Apparently, OpenAI and Google have used the transcripts of YouTube videos for AI

Google and OpenAI have used YouTube video transcripts to train some of their AI models, according to a new report.

It appears that OpenAI and Google have used YouTube video transcripts to train their AI models; An action that can lead to violation of the copyright laws of content creators.


The New York Times report points to extensive efforts by OpenAI, Google and Meta to maximize the amount of data that can be used to train AI models.
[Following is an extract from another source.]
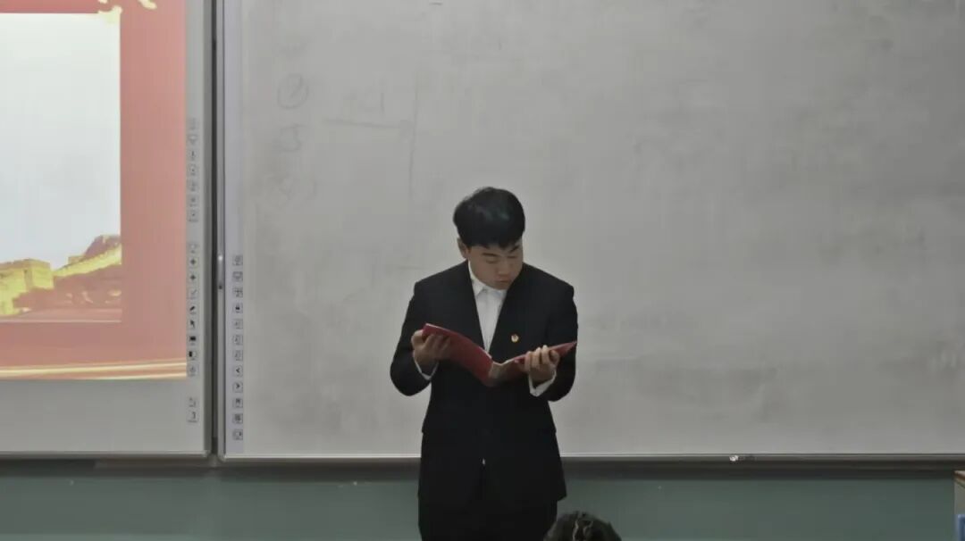 国歌仪式结束后,王吉凯同学上台宣读校团委关于召开我院第六届学生代表大会的批复文件。文件中,校团委对我院本次学代会的筹备工作给予肯定,明确同意大会召开及相关议程安排,为大会的规范推进提供了重要依据,也让全体代表更加清晰会议的合规性与重要性。
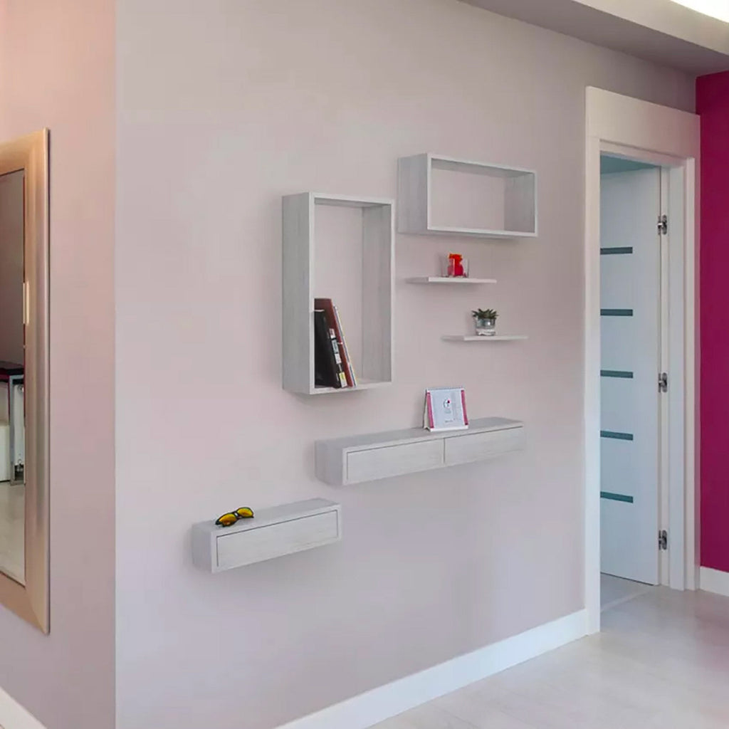 Nei cassetti scorrevoli potrai ad esempio riporre le chiavi di casa o dell’auto quando rientri da lavoro, ammennicoli o qualsiasi altro oggetto o accessorio che non trova una collocazione ben precisa in casa. L’apertura dei cassetti avviene tramite il comodo sistema a pressione mentre potrai abbellire il piano d’appoggio come meglio desideri con decorazioni di vario genere, come piante d’appartamento, libri d’autore, foto ricordo, lampade, souvenir di viaggi e valorizzare così al meglio la parete.

This report was published just a few days after the interview of Neil Mohan, the CEO of YouTube with Bloomberg; An interview in which Mohan said that OpenAI's possible use of YouTube videos to train Sora's model is against the rules of this platform.


Using its voice recognition tool called Whisper, OpenAI is said to have converted more than a million hours of YouTube videos into text and used this data to train the powerful GPT-4 AI model.


The Information previously reported that OpenAI used YouTube videos and podcasts to train its two AI systems.


In an interview with the New York Times, Matt Bryant, Google's spokesperson, while referring to Google's rules that prohibit the unauthorized extraction or downloading of YouTube content, stated that she was unaware of OpenAI's use of this data.


Apparently, some people at Google knew that some companies were using YouTube data to train their AI models, but because Google was doing the same thing, they didn't take any action against OpenAI. Google says that in this context, it has only used the videos of channels that were satisfied to do so.


In June 2023, Google has requested one of its teams to update its privacy policy in order to use public content more widely, including Google Drive and Google Sheets documents, to train models and artificial intelligence products.